Monday, February 19, 2007

Government Interference in Protesting

My Article of the Day, by Geoffrey Stone from the Guardian [photos added]:

You've decided to participate in an anti-Iraq war demonstration. Perhaps you've never done such a thing before. But you're troubled by the way things are going in Iraq and you want to express your concern. After bundling up against the cold and marching several blocks side-by-side with your protesting comrades you come upon a platform on which a burly man wearing a dark blue FBI jacket is videotaping the event. What is your reaction?

For many, perhaps most, people, this would generate a sense of anxiety. Why is he there? What's the point of videotaping the protest? Sure, channel 6 might do this, but why the Federal Bureau of Investigation? In all likelihood, you will begin to wonder whether this might land you in a file. At this point, you might begin to second-guess your decision to march. After all, whether you protest or not will have absolutely no effect on national policy. One marcher more or less is a matter of no consequence. But what if the FBI turns this photograph over to the Internal Revenue Service, or to your employer, or to your landlord? The next time someone asks you to march in a protest, sign a petition, or attend a lecture by a government critic, you just might think twice.

Such participation is a fundamental aspect of free speech. It is easily discouraged ("chilled") because our individual act of expression is unlikely to make a difference. But if many people are individually chilled, the overall impact on public discourse can be quite dramatic. This is why courts formulating First Amendment doctrine generally pay special attention to the dangers of chilling effect.

Unfortunately, courts generally pay attention to chilling effect only when the government is actually doing something to harm an individual because of his speech - for example, criminally prosecuting him, firing him or allowing him to be sued. In such circumstances, courts try to ensure that the law protect not only the person being prosecuted, fired or sued, but also those who might be deterred from speaking by the fear of being prosecuted, fired or sued.

Note, however, that in my demonstration hypothetical, the government isn't necessarily doing anything to directly harm anyone. It's only filming the event. And, so far as we know, the government isn't using the information to do anything improper. The fear is only that the government might do so. In this situation, which is quite common, courts are usually reluctant to allow individuals to challenge the government's conduct.

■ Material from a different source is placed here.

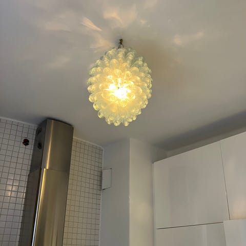 Någon av glasstängerna är trasiga. Ca 5 stycken. De är går att ha i men är halva. Men inget som syns när de hänger med alla andra.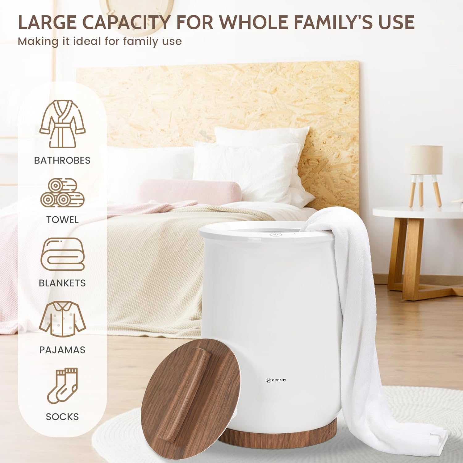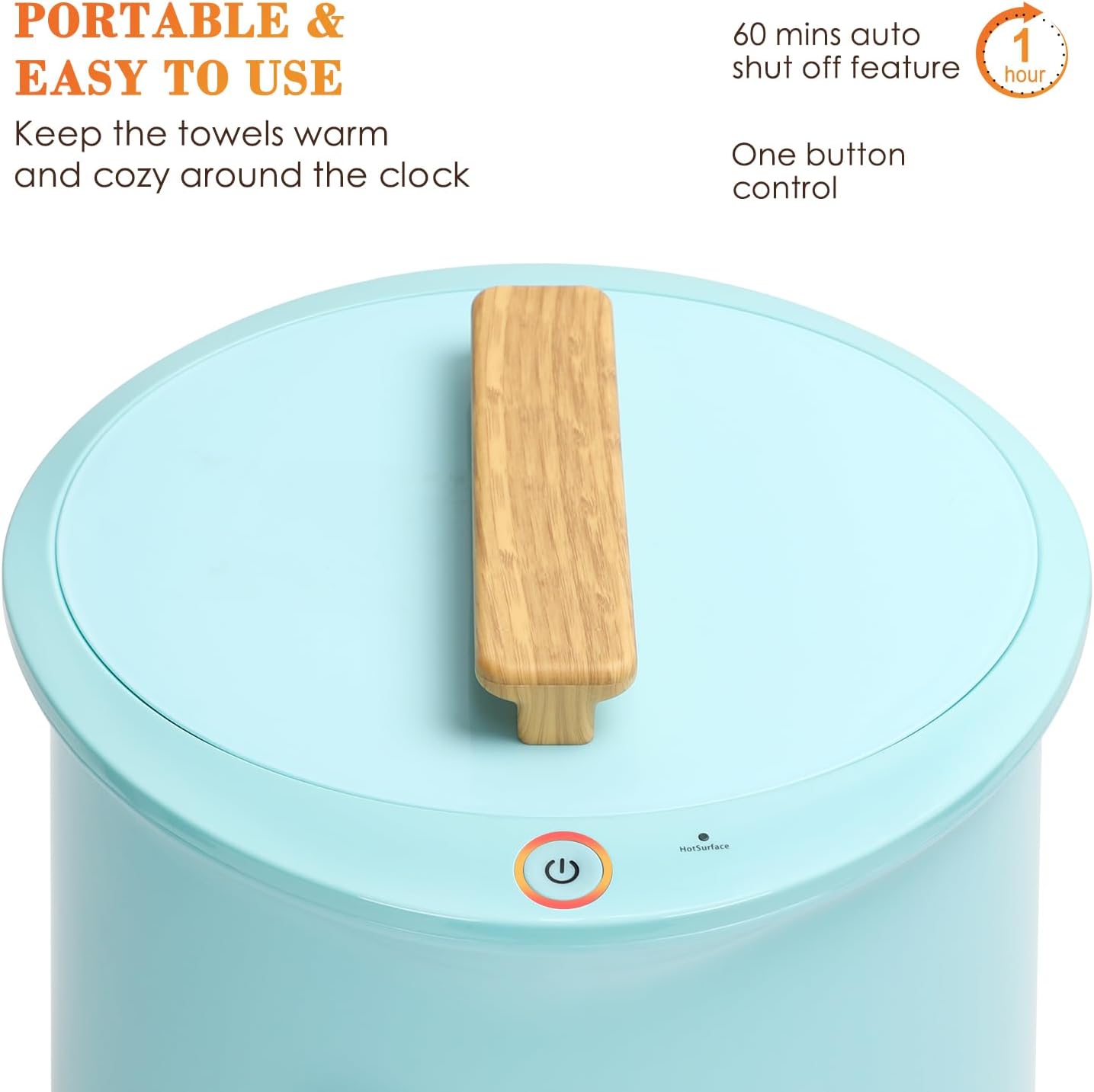 - Compact and Safe - Safe to use, compact for easy storage. The towel warmer is lightweight enough to move around the home; the bucket and lid separate for quick cleaning, while the round-shaped base is stylish and attractive; operates efficiently and quietly.

If they can't prove the government has misused the information against them, they have nothing to complain about. Mere chilling effect is not enough. That you might never again exercise your First Amendment right to sign a petition or march in a demonstration because of your fear that the government will misuse the videotape is not a legally cognizable harm.

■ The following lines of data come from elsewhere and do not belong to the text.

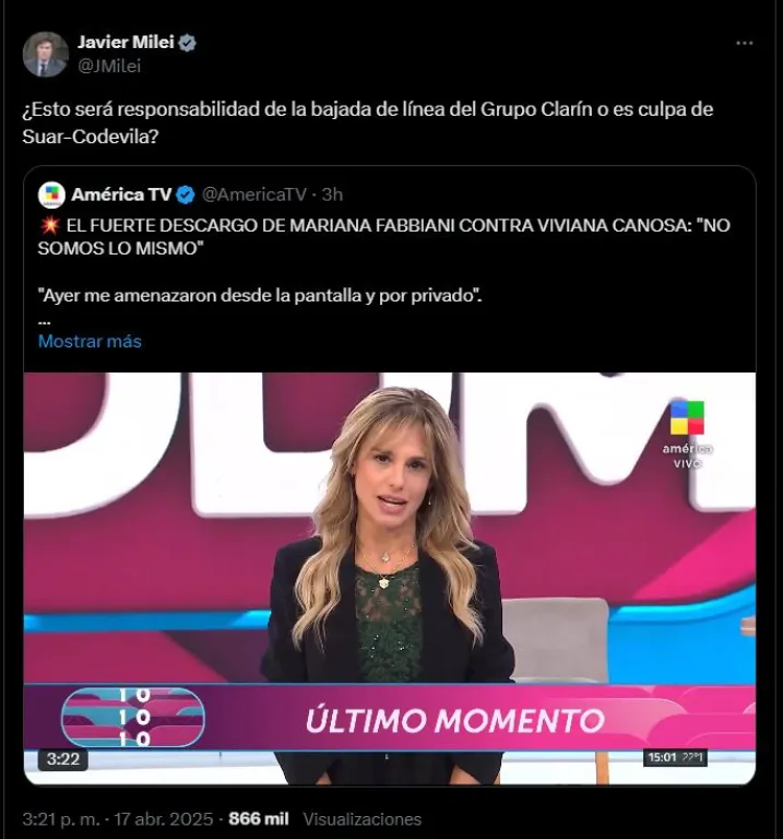 Javier Milei se viralizó luego de un tuit en el cual apoyó a Mariana Fabbiani y criticó a Viviana Canosa, escribió: “¿Esto será responsabilidad de la bajada de línea del Grupo Clarín o es culpa de Suar-Codevila?”, apuntando directamente contra El Trece.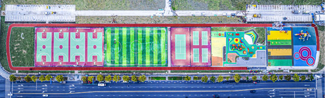 該項(xiàng)目所處位置原為一處待開(kāi)發(fā)地塊,園區(qū)根據(jù)居民需求規(guī)劃建設(shè)健身跑道、全齡段健身區(qū)、綜合兒童活動(dòng)區(qū)、平地輪滑場(chǎng)、廣場(chǎng)舞片區(qū)和各類球場(chǎng)(其中羽毛球四組、網(wǎng)球場(chǎng)一組,7人制籠式足球場(chǎng)一組、籠式籃球場(chǎng)四組),同步建設(shè)公廁、停車場(chǎng)等配套設(shè)施。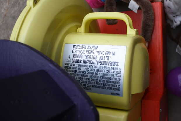 Inicialmente trató de alimentar el túnel de viento con dos ventiladores, pero no movieron casi suficiente aire para poder divertirse. La bomba de aire para nuestra casa hinchable mueve el aire, además de que tiene una pegatina gigante etiquetado como "no es un juguete".

This is a very bad doctrine. It is why the government can usually get away with videotaping political demonstrations, demanding that bookstores and libraries turn over information about book buyers and borrowers, recording the names of those who attend particular mosques, and wiretapping phone calls when no single individual can prove that he was wiretapped. All of these techniques have been used by the Bush administration; all of them have a serious chilling effect; and under existing law it is very difficult for anyone to challenge the constitutionality of the government's conduct. The very fact that the government keeps secret what it does with the information prevents anyone from suing, even though the information gathering can have serious consequences for First Amendment activity.

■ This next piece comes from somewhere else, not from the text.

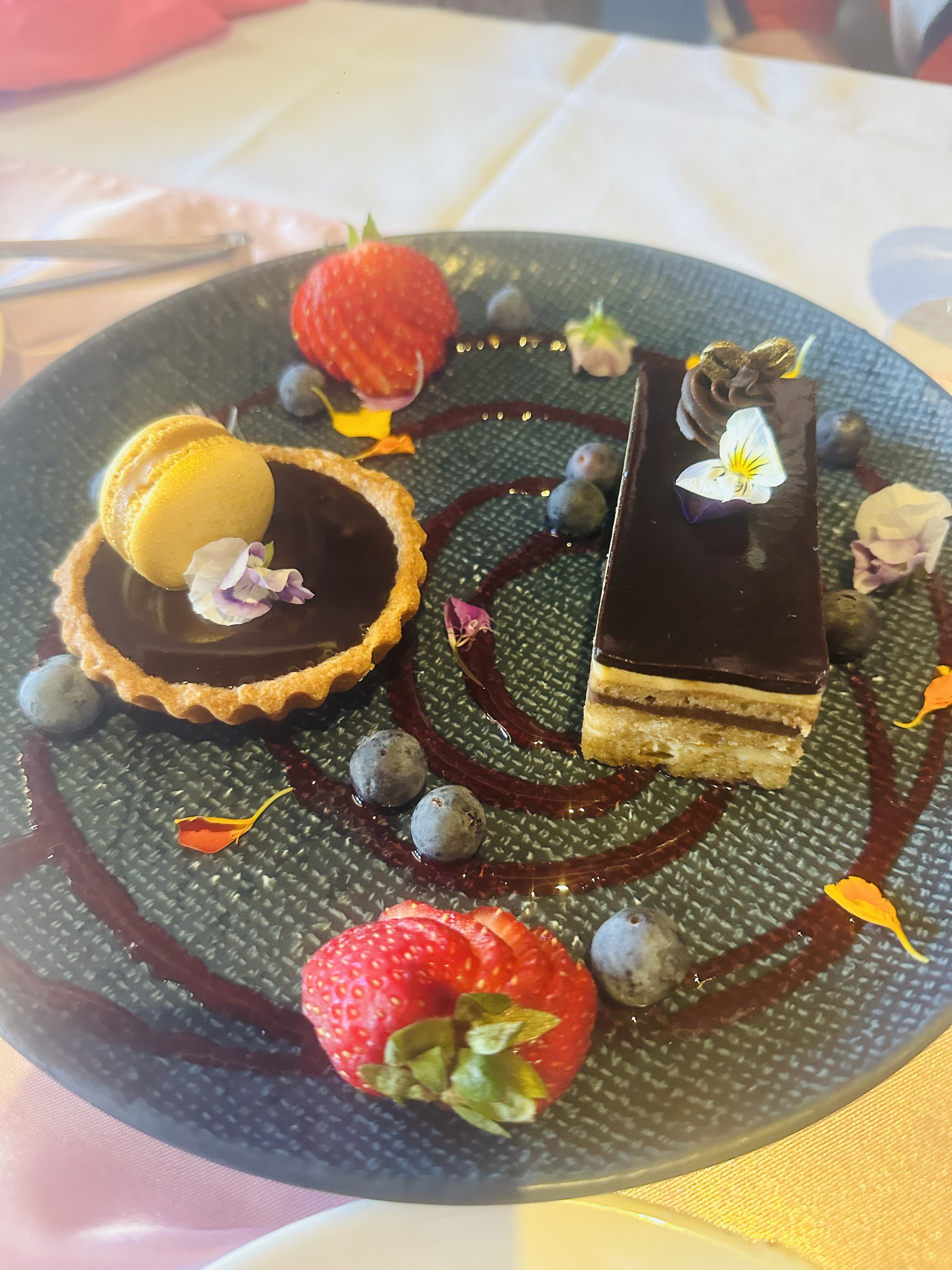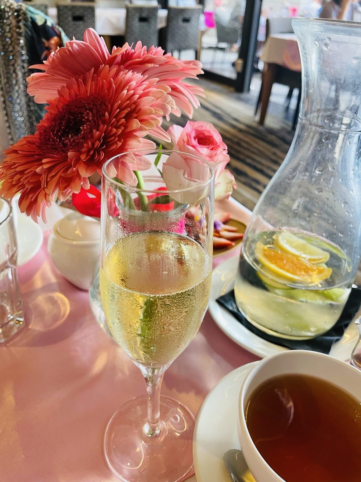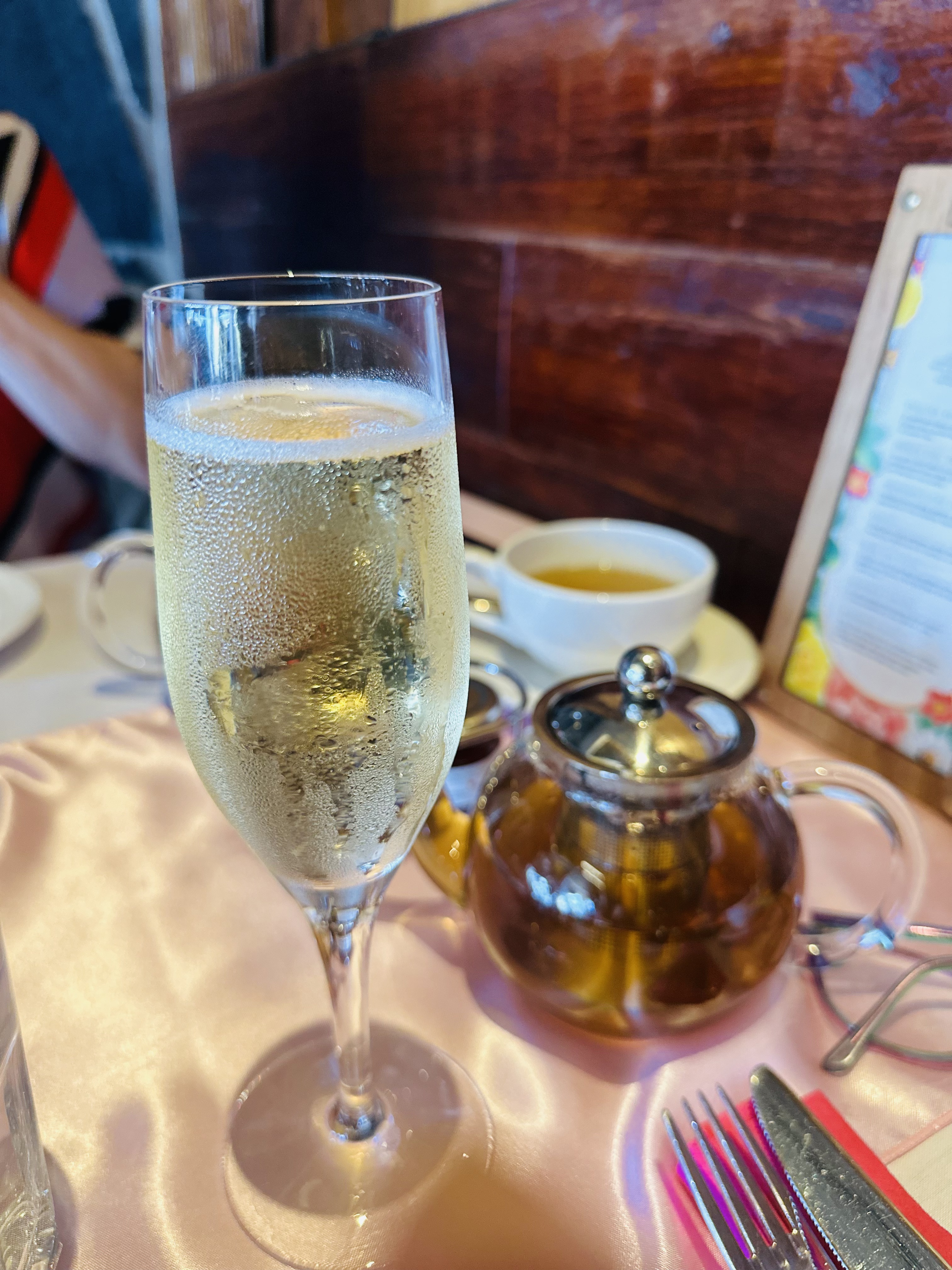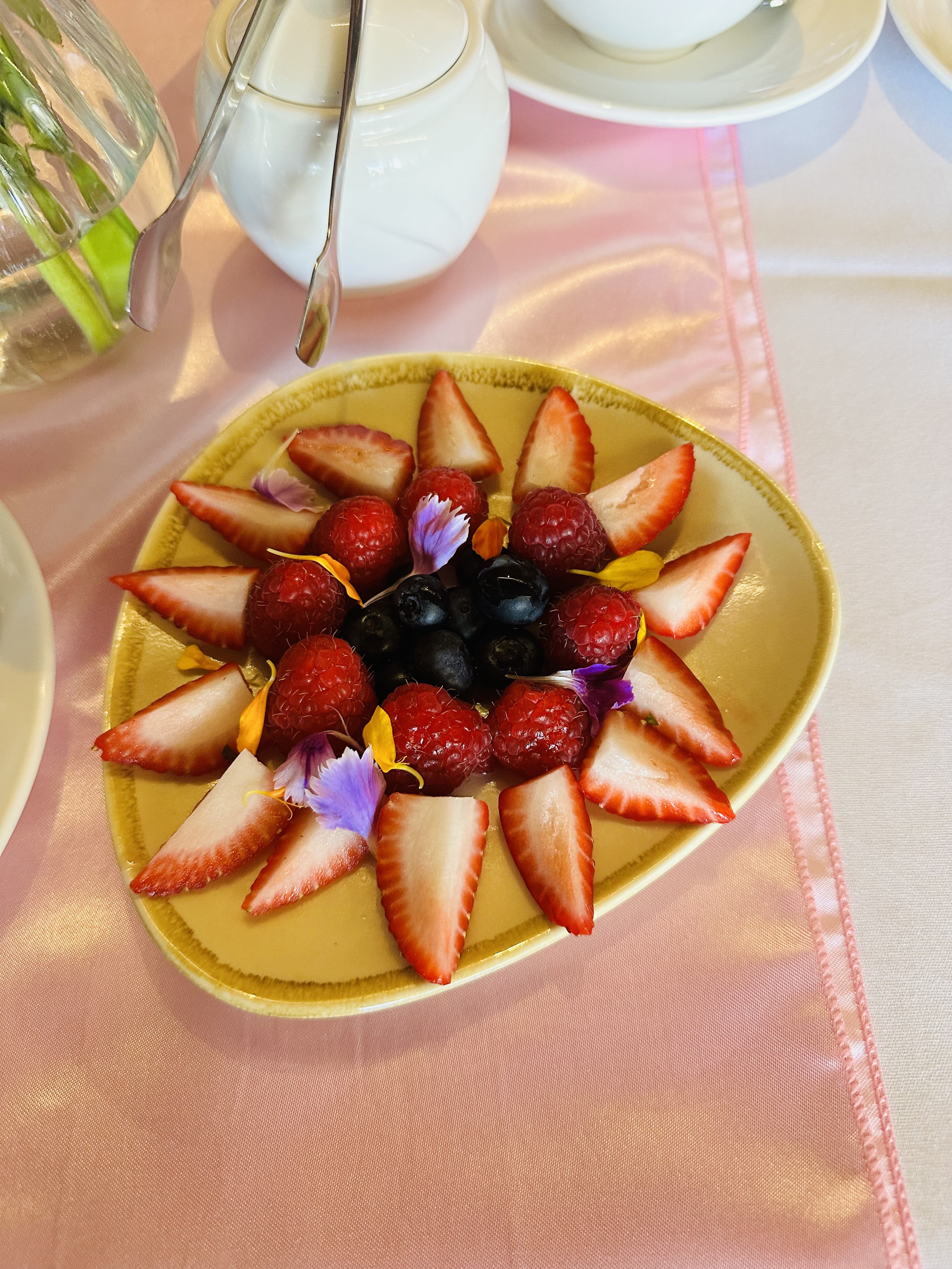 After being seated, we were invited to choose from a thoughtfully curated tea selection. Our chilled sparkling wine was served swiftly, followed by a beautifully arranged tiered stand showcasing a variety of delicacies. Of particular note was the diabetic-friendly cream prepared especially for me, alongside an appealing mix of cakes, pastries, and a personal platter of fresh seasonal fruits.

There is one ray of hope. On February 15, federal Judge Charles S Haight, Jr ruled that the New York City police cannot - in the absence of any reason to believe that unlawful activity might be afoot - constitutionally videotape individuals who are peacefully exercising their First Amendment right to demonstrate against government policy. More than thirty years ago, Attorney General Edward Levi recognized this same principle. He adopted a Justice Department guideline prohibiting any FBI investigation of a political or religious organization or activity in the absence of reasonable grounds to believe that unlawful conduct was involved. Unfortunately, the Bush administration repealed that guideline. Hopefully, Judge Haight's decision will be a significant step toward fixing this glaring deficiency in American constitutional law.